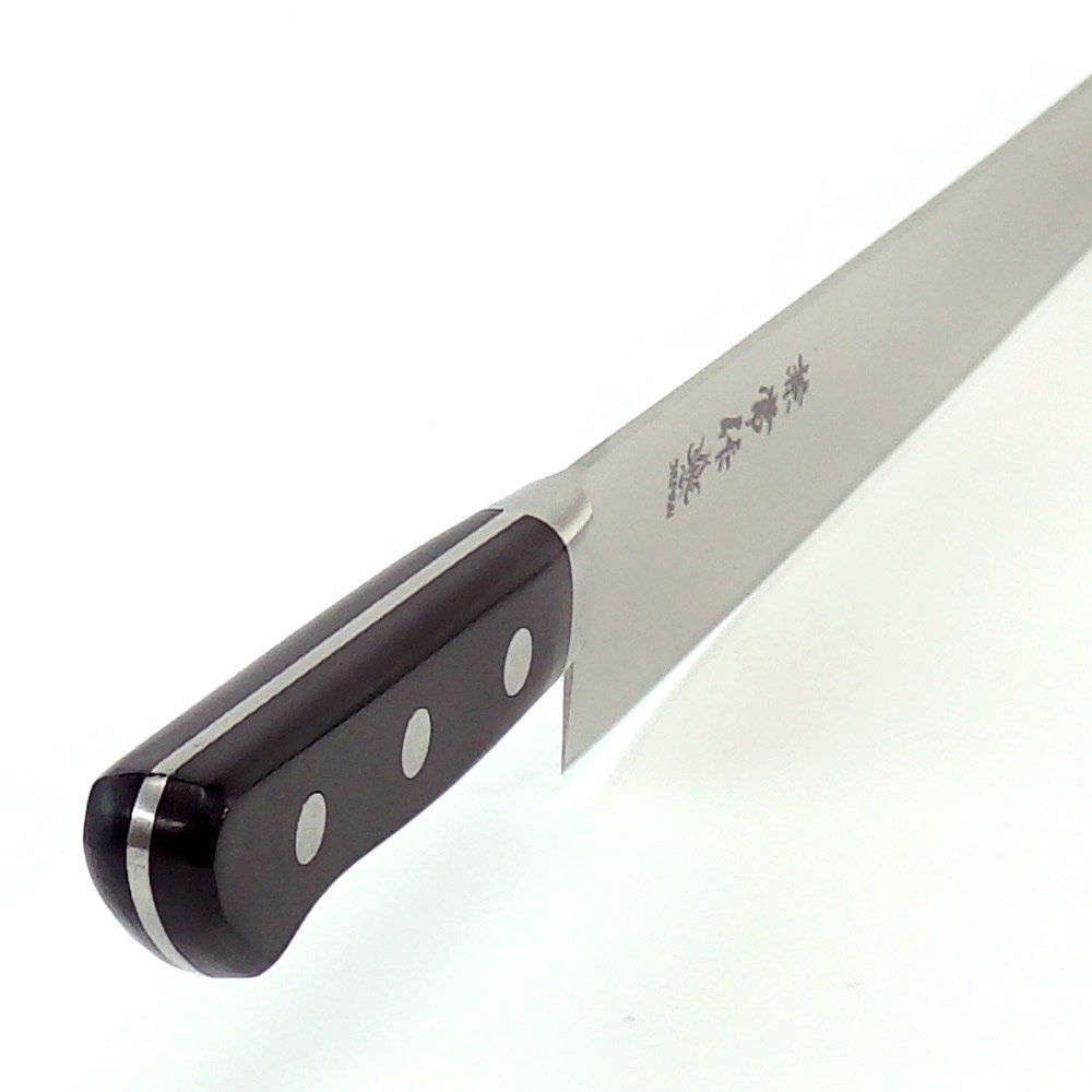 「筋引270mm」は、主に牛ヒレ肉の筋取りの際に細く長いブレードを生かして引き切りする際に適した特殊な形状のスタイルです。刺身の薄切りやカルパッチョなどの削ぎ切り、フルーツやスイーツ、サンドウィッチの切り分けにも便利です。
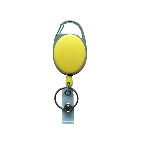 Wszechstronny, automatyczny skipass z nylonową linką do identyfikatora, holderu, dokumentów bądź kluczy. Skipass w kolorze żółtym wyposażony jest w metalowy klips, karabińczyk oraz metalowe oczko do zawieszenia kluczy.
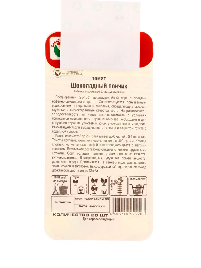 Семена Томат «Шоколадный пончик», 20 шт., «Сибирский сад» — Характеристики
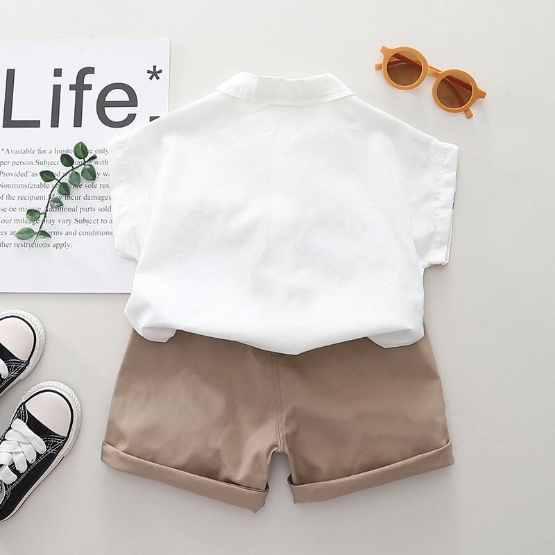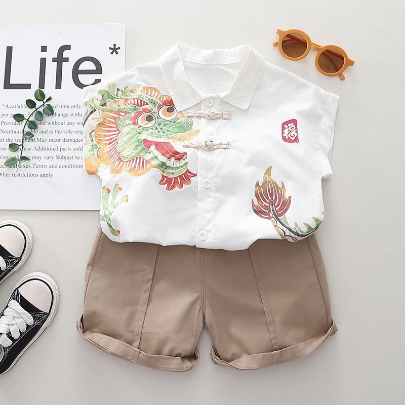 キッズ 子供用 半袖シャツ & ハーフパンツ 上下セット 綿100% 薄手 スポーツ カジュアル 普段使い 春夏 かわいい ドラゴン アニマル柄 ホワイト系

> What to do
Nothing but an exact copy of the data, without pictures, should be returned.

> Answer to this problem
 「筋引270mm」は、主に牛ヒレ肉の筋取りの際に細く長いブレードを生かして引き切りする際に適した特殊な形状のスタイルです。刺身の薄切りやカルパッチョなどの削ぎ切り、フルーツやスイーツ、サンドウィッチの切り分けにも便利です。
 Wszechstronny, automatyczny skipass z nylonową linką do identyfikatora, holderu, dokumentów bądź kluczy. Skipass w kolorze żółtym wyposażony jest w metalowy klips, karabińczyk oraz metalowe oczko do zawieszenia kluczy.
 Семена Томат «Шоколадный пончик», 20 шт., «Сибирский сад» — Характеристики
 キッズ 子供用 半袖シャツ & ハーフパンツ 上下セット 綿100% 薄手 スポーツ カジュアル 普段使い 春夏 かわいい ドラゴン アニマル柄 ホワイト系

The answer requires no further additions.